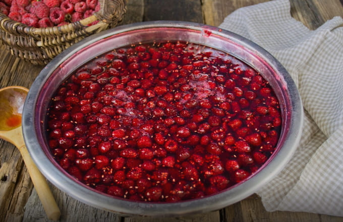 - We schuiven de frambozen in een geëmailleerde kom, gieten suiker in verschillende lagen. Dek af met een handdoek en laat 5 uur op kamertemperatuur staan tot de bessen voldoende sap hebben afgegeven, of een nacht op een koele plaats.
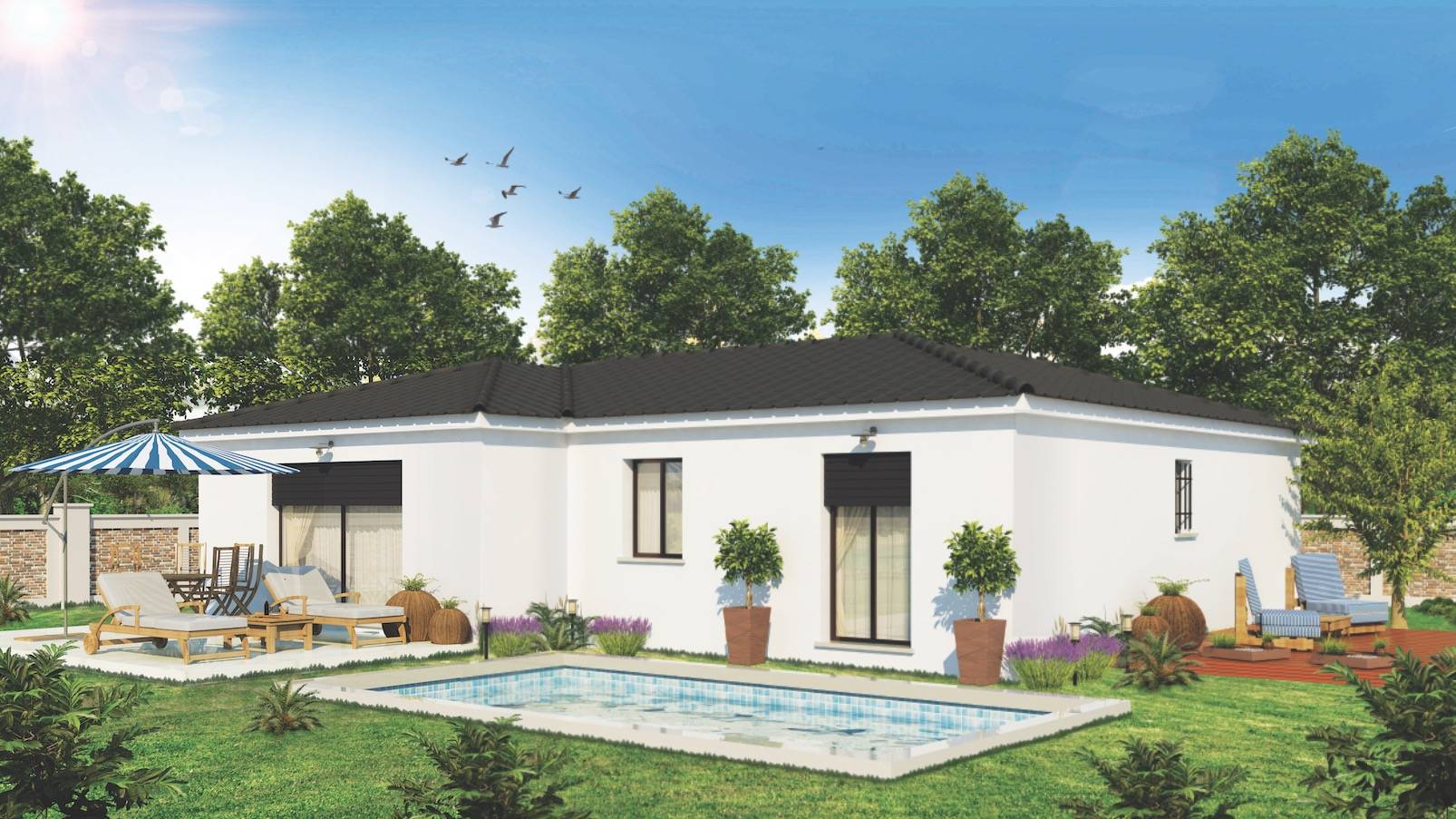 - Contemporaine : Aux lignes très sobres, voire cubiques, avec ses couleurs claires, alliées à une toiture 4 pentes aux tuiles anthracite ou un toit plat et des débords en béton quand cela est autorisé. Ses larges ouvertures la rende très lumineuse.
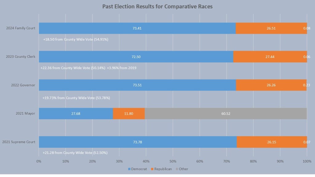 Finally, we look at the comparative races to get a sense of how the City of Syracuse when compared to the rest of the County. As you can imagine the City of Syracuse performs quite to the left of the county. In 2024 the Family Court judge race the Democrat got 73.41% of the vote, 18.50% more than the county average. The 2023 County Clerk race the Democrat got 72.50% of the vote, 22.36% more than the county average. The 2022 Governor race the Democrat got 73.51% of the vote, 19.73% more than the county average. The 2021 Supreme Court race the Democrat got 73.78% of the vote, 21.28% more than the county average. This means a Democrat can generally expect to receive 18-22% more votes than their county average in the city. This makes the performance of Ben Walsh in both of his elections all the more interesting. In his 2021 race he won 60.52% of the voter while the Democrat had 27.68% and the GOP had 11.80%. It is unlikely we will see an independent candidate this popular again this year, but the possibility remains since it has happened recently.

========================================================================

## TRY IT
Only the pictures are dropped when you print the material; everything else is copied exactly.

## YOUR RESPONSE
 - We schuiven de frambozen in een geëmailleerde kom, gieten suiker in verschillende lagen. Dek af met een handdoek en laat 5 uur op kamertemperatuur staan tot de bessen voldoende sap hebben afgegeven, of een nacht op een koele plaats.
 - Contemporaine : Aux lignes très sobres, voire cubiques, avec ses couleurs claires, alliées à une toiture 4 pentes aux tuiles anthracite ou un toit plat et des débords en béton quand cela est autorisé. Ses larges ouvertures la rende très lumineuse.
 Finally, we look at the comparative races to get a sense of how the City of Syracuse when compared to the rest of the County. As you can imagine the City of Syracuse performs quite to the left of the county. In 2024 the Family Court judge race the Democrat got 73.41% of the vote, 18.50% more than the county average. The 2023 County Clerk race the Democrat got 72.50% of the vote, 22.36% more than the county average. The 2022 Governor race the Democrat got 73.51% of the vote, 19.73% more than the county average. The 2021 Supreme Court race the Democrat got 73.78% of the vote, 21.28% more than the county average. This means a Democrat can generally expect to receive 18-22% more votes than their county average in the city. This makes the performance of Ben Walsh in both of his elections all the more interesting. In his 2021 race he won 60.52% of the voter while the Democrat had 27.68% and the GOP had 11.80%. It is unlikely we will see an independent candidate this popular again this year, but the possibility remains since it has happened recently.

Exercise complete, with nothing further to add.